It's a Tornado! No its not?
by Doyle Ranstrom on Sep 19, 2021
I have never been in a tornado and never want to. I have been in storms that contained tornadoes but had the good fortune, and it is good fortune, to have never seen or heard one up close. When I was ten years old, during a late-night severe storm, I thought I heard a tornado about the hit the house. Turns out it was a train on tracks that ran behind our house. Most of the time, I simply tuned it out, but this night, thinking it was a tornado, I hit the floor running and set a new personal record from upstairs to downstairs.
In my freshman year in college, I took an entry-level Speech class. I got one of two A's in class. Not because I was that good, but because a bunch of upperclassmen were taking the class to fill an elective and were not particularly talented or motivated.
Anyway, I gave a speech on tornados and have been fascinated and scared of them ever since. Tornadoes can produce wind speeds in excess of 300 mph. Picking up vehicles, destroying buildings, and launching lethal debris are common and often tragic results of strong tornadoes. Interestingly, the Fargo, ND 1957 tornado was studied extensively by Dr. T. Theodore Fujita from the University of Chicago and was part of the basis for his development of the F system for rating tornadoes. The 1957 Fargo tornado was eventually identified as an F-5. You can still tell where it went through Fargo.

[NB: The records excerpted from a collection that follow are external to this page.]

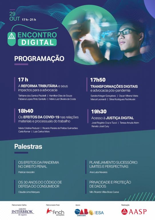 Vem aí a 1ª edição do Encontro Digital da Associação dos Advogados de São Paulo (AASP) com o apoio da OAB-ES e ESA-ES. O evento acontece na próxima quinta-feira (29/10) e vai reunir a advocacia para estimular o networking e aprimorar os conhecimentos jurídicos.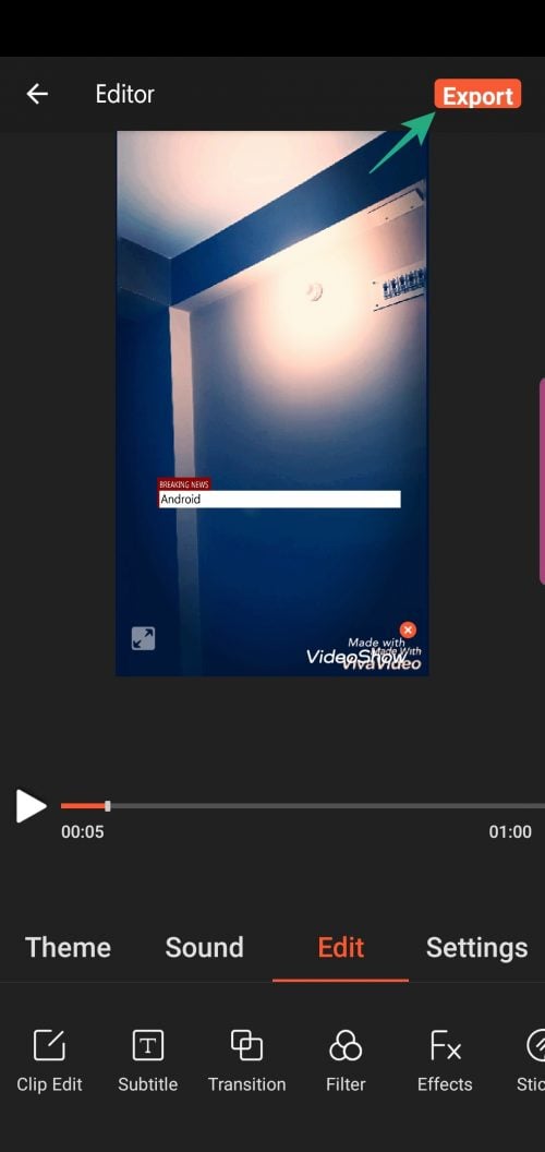 Once all the adjustments have been done, tap on the tick mark button on the top right corner and hit the ‘Export’ button to save the video. After that, tap on the ‘Save to Gallery’ button to complete the save process.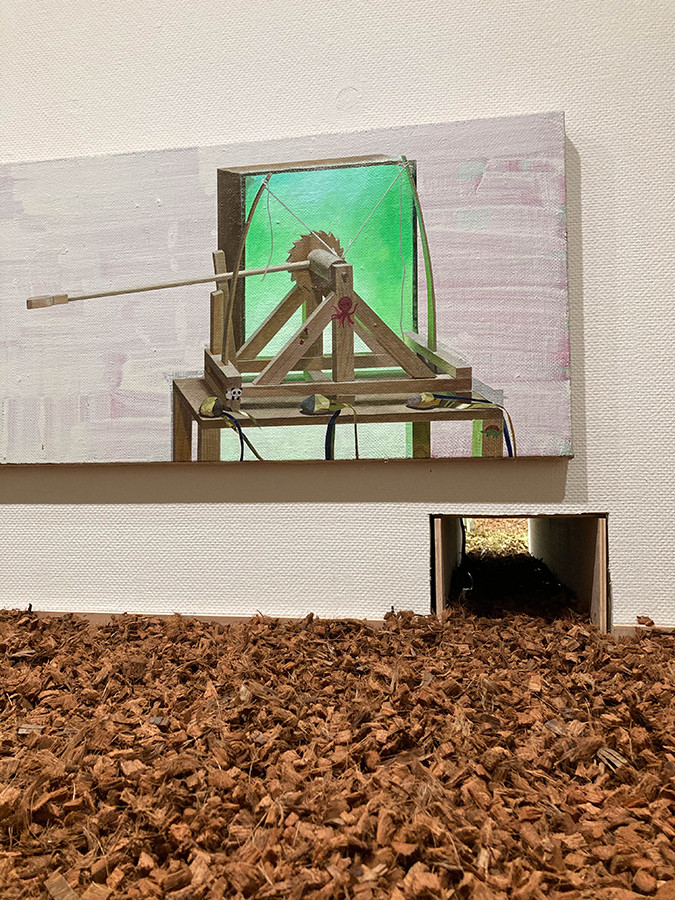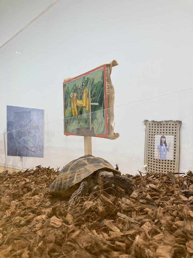 通路に沿って作品が展示されていて、亀も人間もゆったりと鑑賞できるようになっています。 どうやら、作品を見るための目線は、基本的には亀に合わせてあるようです。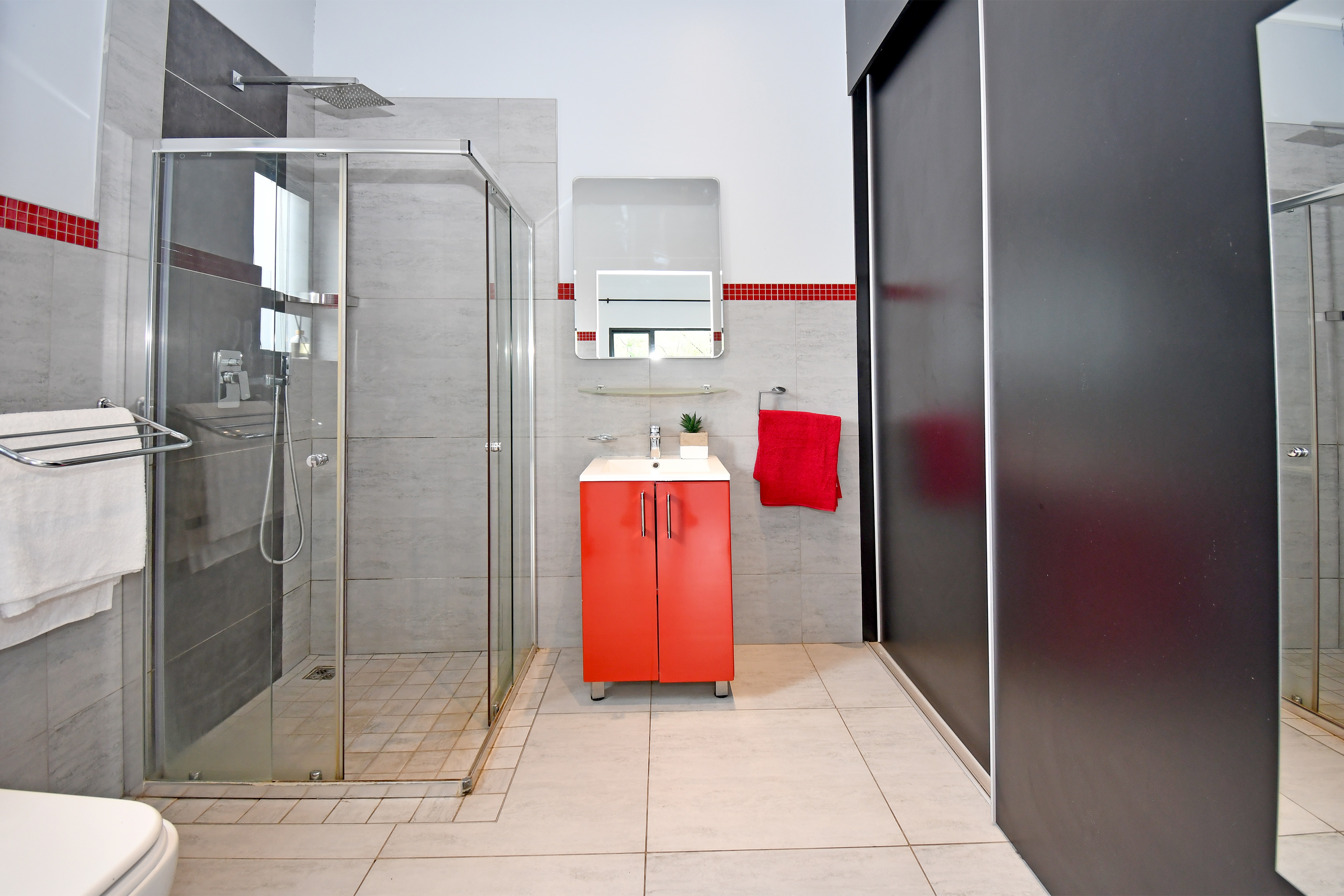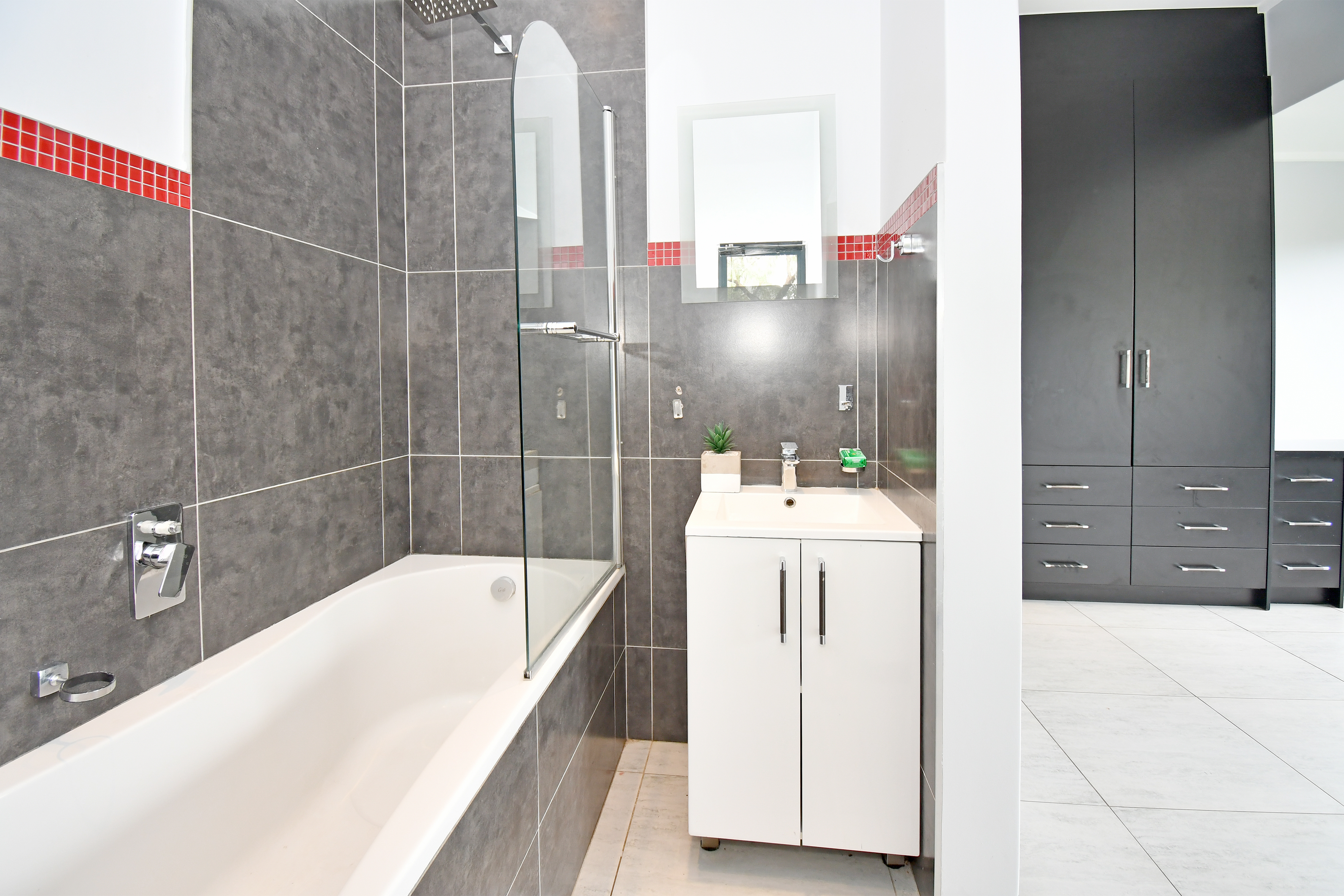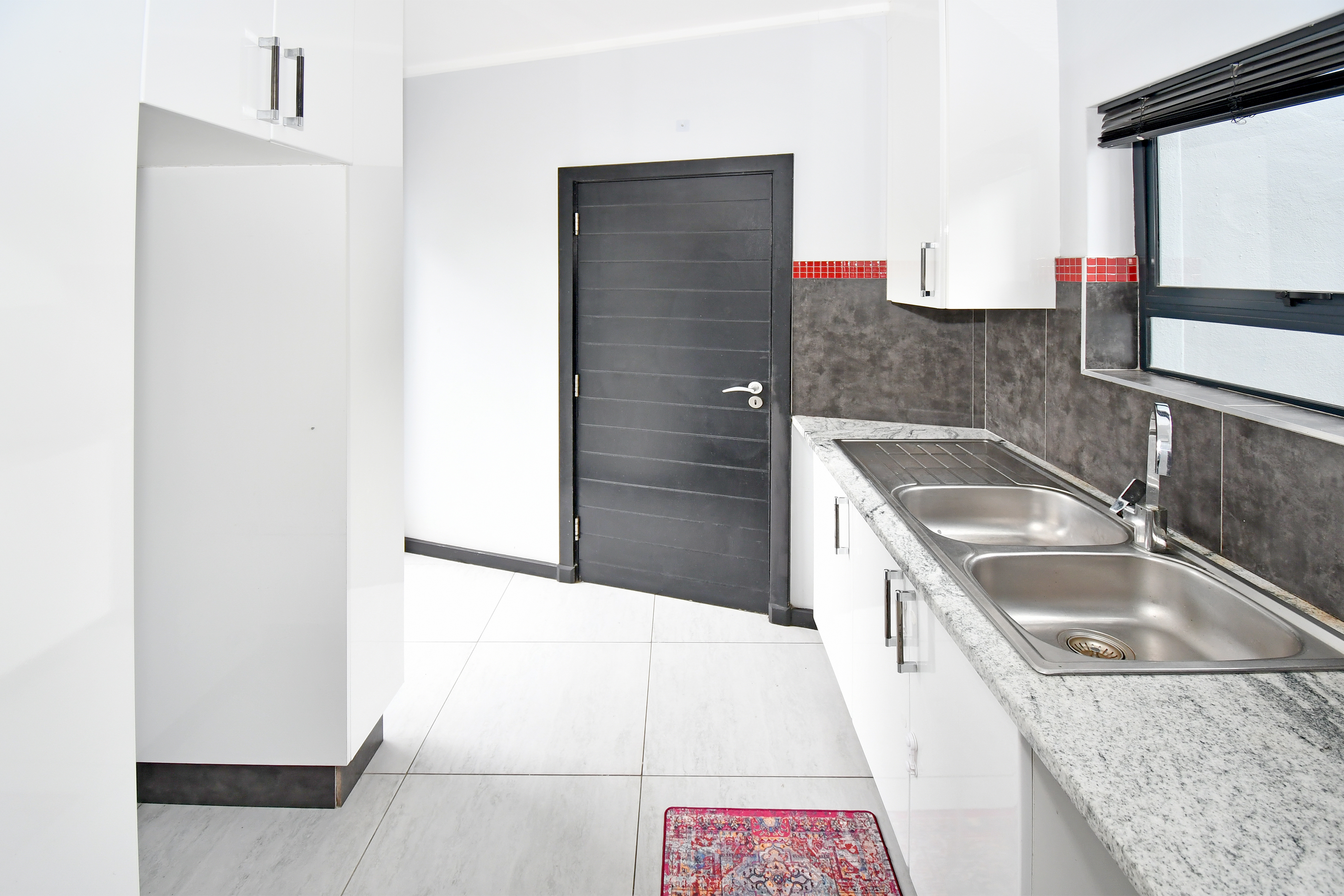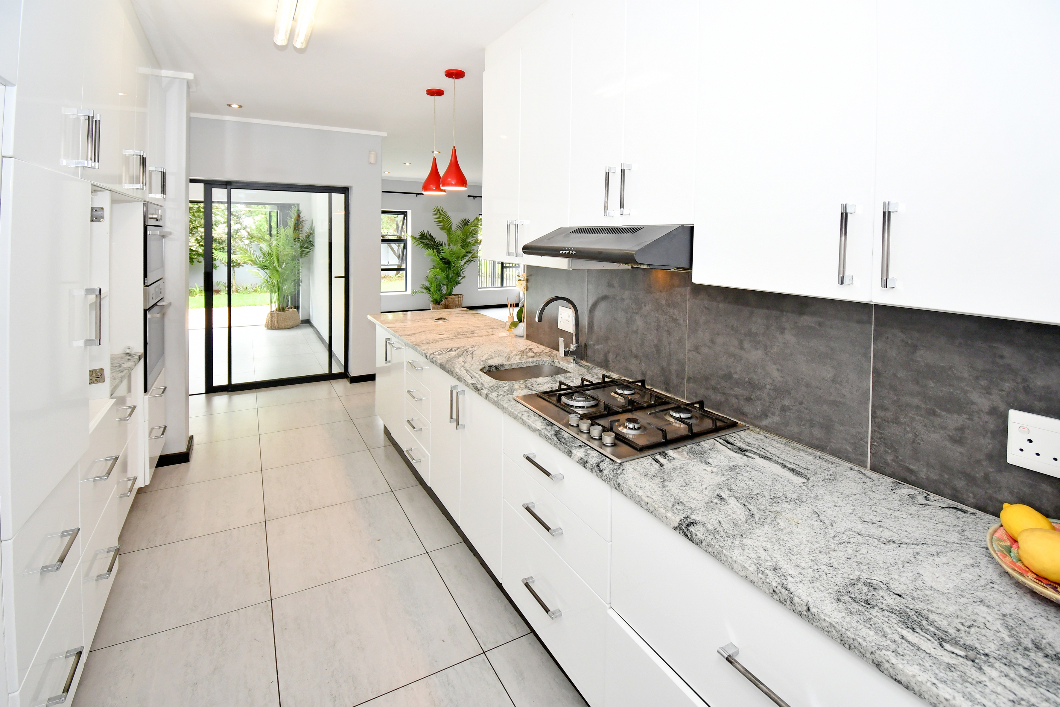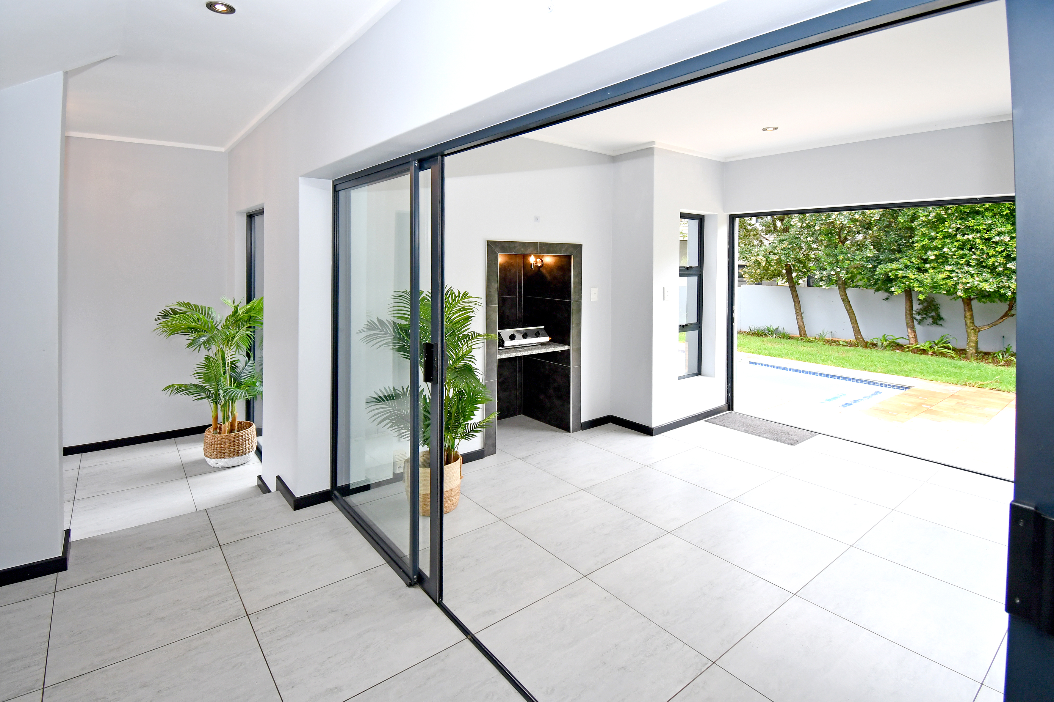 The interiors are modern, warm and thoughtfully designed, with no carpets anywhere and high-quality finishes throughout. The kitchen is a real highlight, offering two eye-level ovens, a gas hob and a separate scullery with space for two under-counter appliances. The living areas flow smoothly to a covered patio and a sparkling pool, creating an inviting space for entertaining or simply enjoying time with family.

The personal, emotional, and financial damage of those caught in tornadoes is routinely documented. No one can argue with the incredible force and violent after-effects of a tornado. And yet, in today's world of misinformation and denial, I wonder if that is really the case anymore. For example, let's say there is a tornado warning for a specific area and an F5 tornado is in sight.
- Conspiracist: There is no such thing as a tornado. They are made up by the National Weather Service [NWS] which is a tool of the government propaganda machine. [Meanwhile, the individual's vehicle was just hit by the tornado and its way to outer space.]
- Anti-Masker: The government cannot force me to take shelter. [Meanwhile, the individual's spouse was just sucked by the tornado and is on the way to Dubuque.
- Anti-Vaxxer: I have never been in a tornado before and am not worried now: [A couple of minutes later, the individual, now on the way to OZ, can be heard saying, "perhaps I should rethink my stance".
- Cable TV political and talk radio host: They did not say anything. As soon as they heard the warning they headed for the storm shelter in the basement. Later, working remotely because their building is now a combination of kindling and sand, are saying the tornado never happened.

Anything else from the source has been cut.